- _Data excerpt_
###

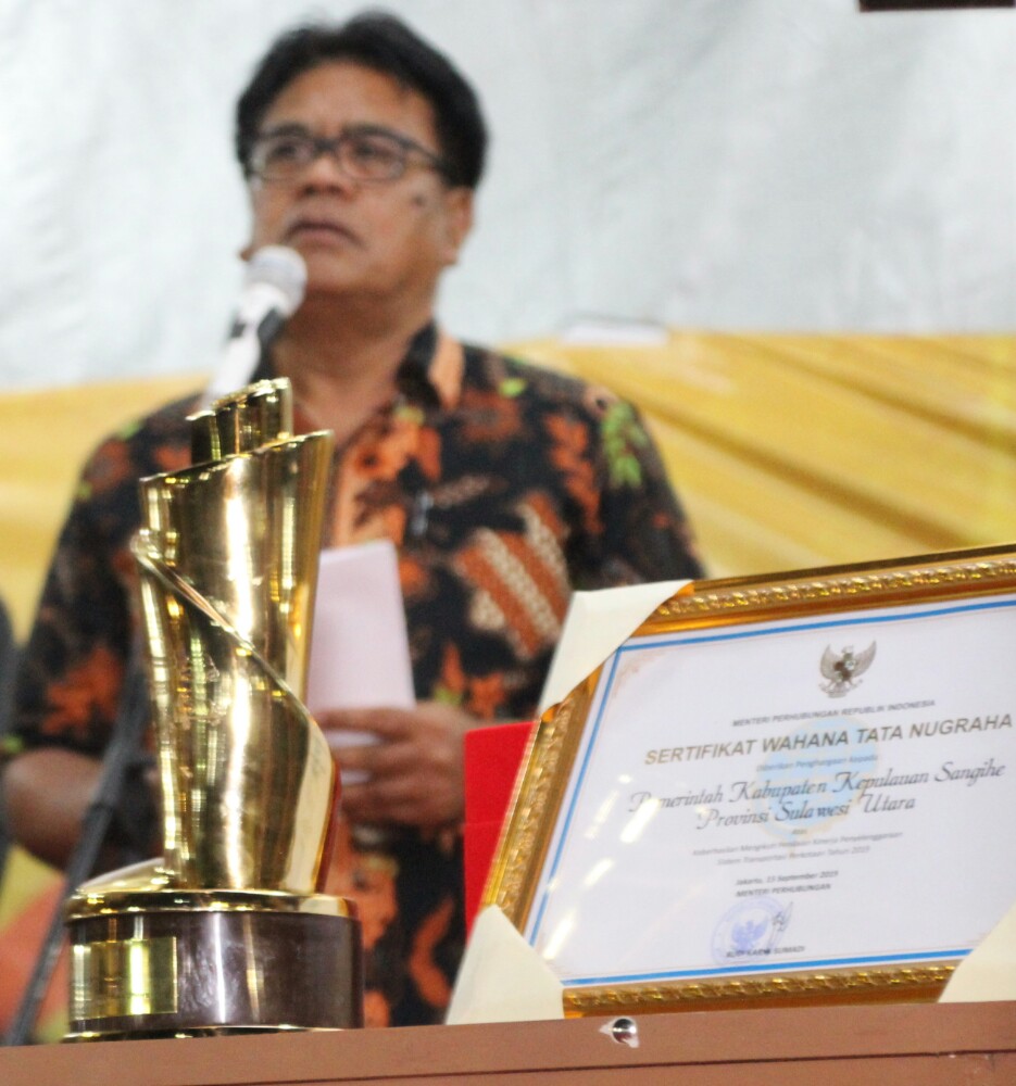Kabupaten Kepulauan Sangihe menerima penghargaan dalam kategori penerima Piala Wahana Tata Nugraha dengan bersama 38 Kabupaten/Kota. Selain  itu Piala Wahana Tata Nugraha Wiratama diserahkan kepada 15 Propinsi. Penghargaan yang diserahkan langsung Menteri Perhubungan bersama Setjen dan Dirjen Perhubungan Darat. Peraih penghargaan ini harus melalui seleksi terhadap 145 Kab/Kota yang menerima sertifikat Wahana Tata Nugraha dan Kabupaten Kepulauan Sanghe terpilih bersama kota Bitung mewakili Sulawesi Utara.
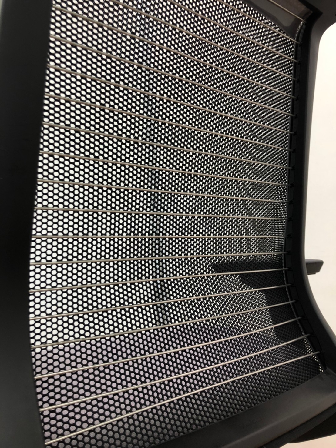 特徴的な背のワイヤーは体重を掛けると適度に分散し、体の負担を軽減します。
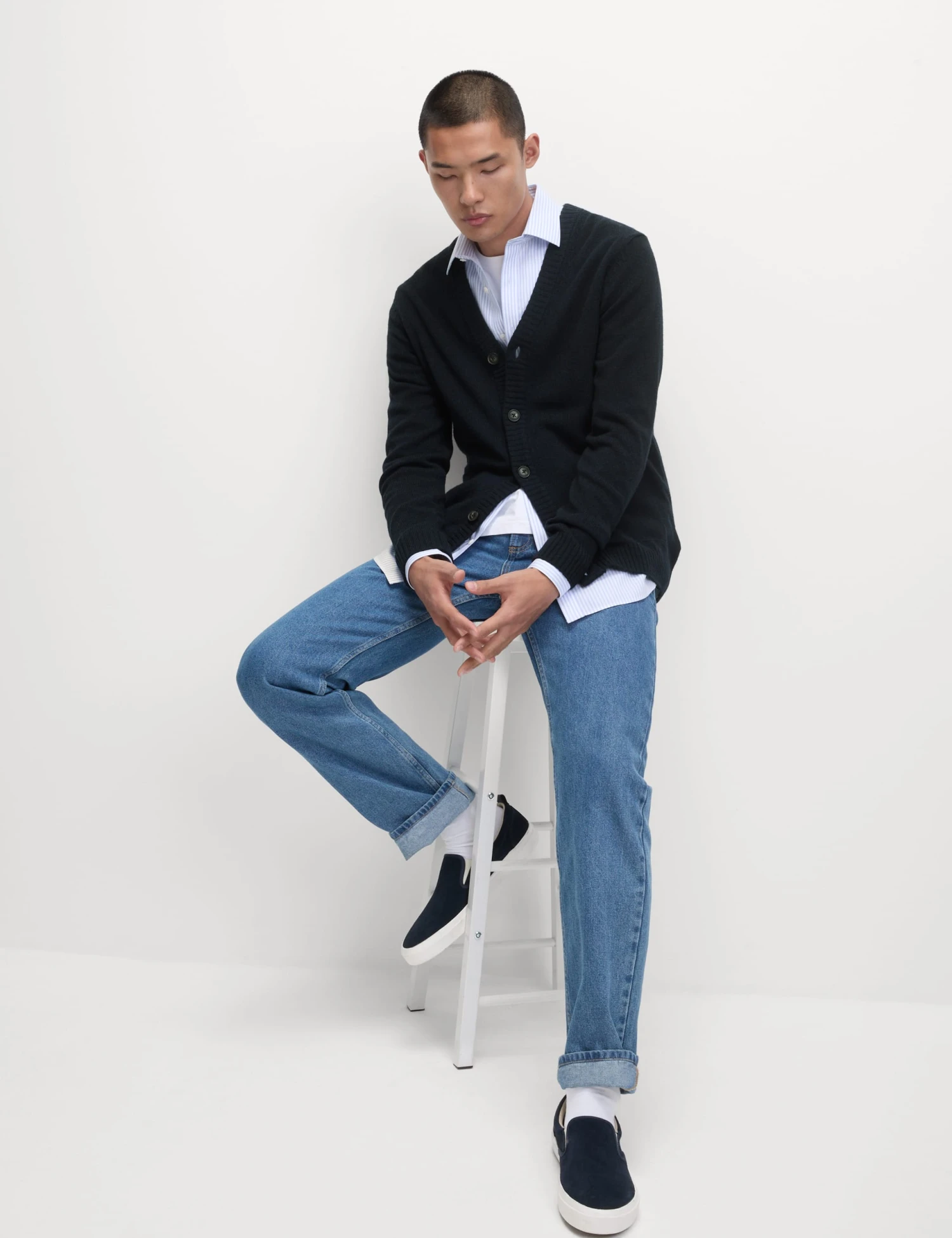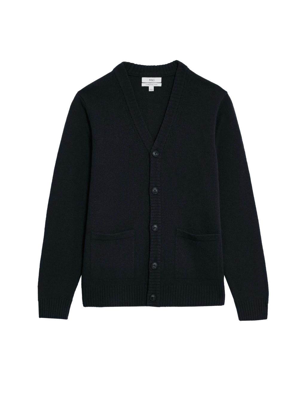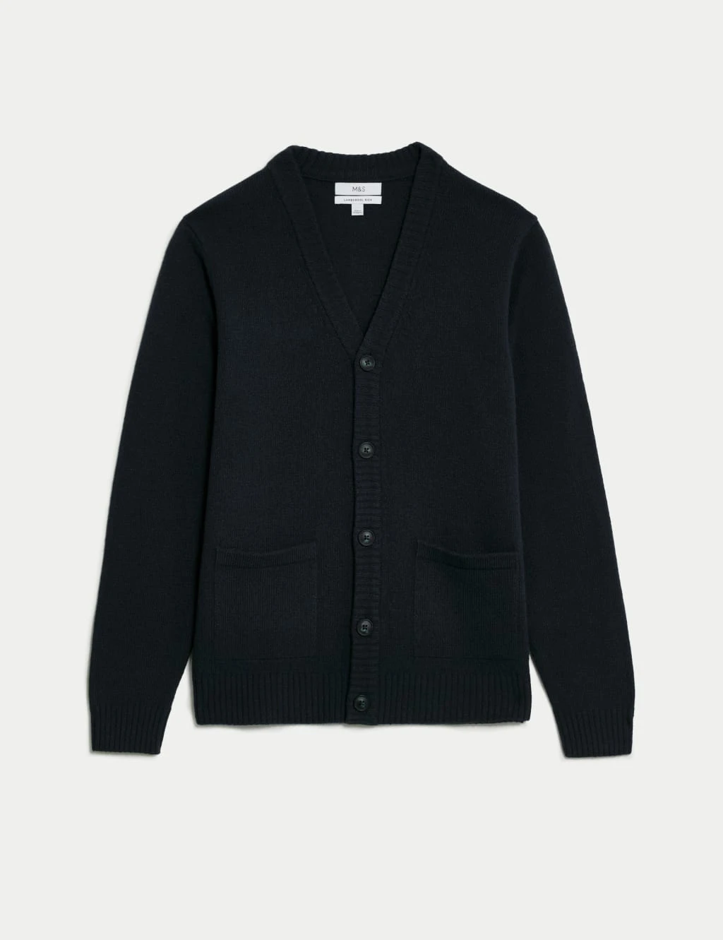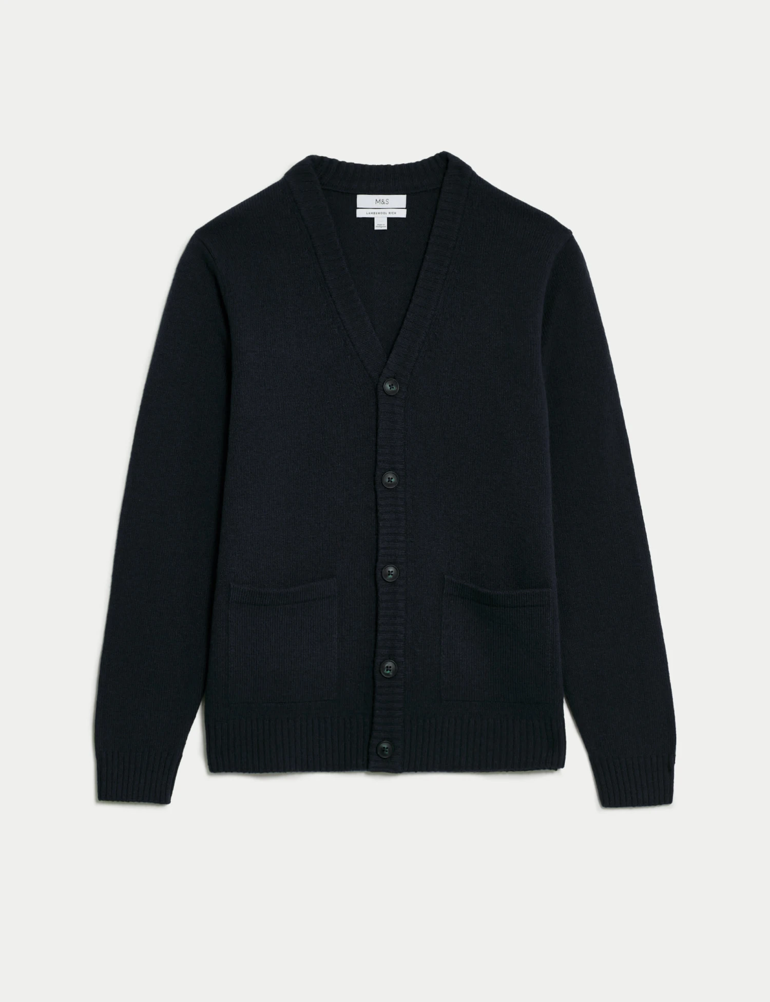 Crafted from extra-fine lambswool-rich yarn, this smart cardigan is both luxuriously cosy and hardwearing. Classic v-neck for a sharp look. Neat button-through fastening. Stretchy ribbing at the cuffs, collar and hem for a snug feel. Two side pockets are perfect for warming your hands. M&S Collection: easy-to-wear wardrobe staples that combine classic and contemporary styles.

###

- _Task requirements_
Your copy must start at the line that holds "特徴的な背のワイヤーは体重を掛けると適度に分散し、体の負担を軽減します。" and end at the last line of the data, both included; it must contain no pictures.

- _Result_
 特徴的な背のワイヤーは体重を掛けると適度に分散し、体の負担を軽減します。
 Crafted from extra-fine lambswool-rich yarn, this smart cardigan is both luxuriously cosy and hardwearing. Classic v-neck for a sharp look. Neat button-through fastening. Stretchy ribbing at the cuffs, collar and hem for a snug feel. Two side pockets are perfect for warming your hands. M&S Collection: easy-to-wear wardrobe staples that combine classic and contemporary styles.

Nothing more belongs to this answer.